▶ _TASK GOAL_
From first line to last, transcribe the listing exactly and skip any image.

▶ _COLLECTED DATA_
________________________

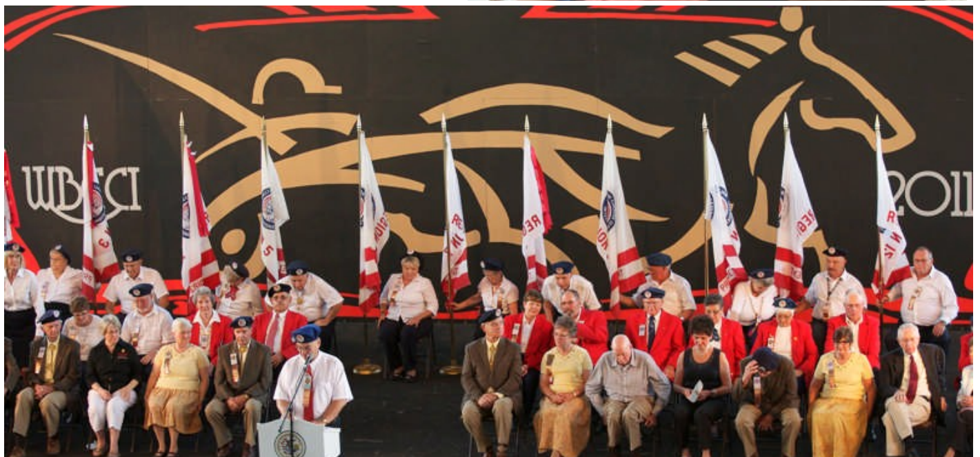
Opening ceremonies at the International Rally in DuQuoin
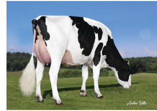
MGGD Trent-Way-JS Rona-ET
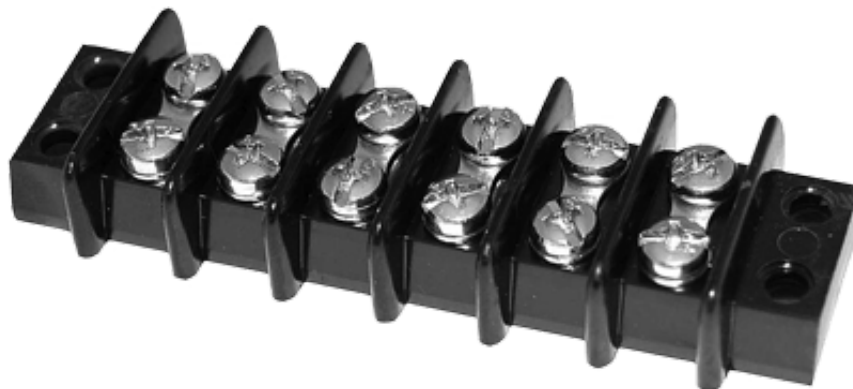
601 GP 06

________________________

▶ _RESPONSE AREA_
Opening ceremonies at the International Rally in DuQuoin
MGGD Trent-Way-JS Rona-ET
601 GP 06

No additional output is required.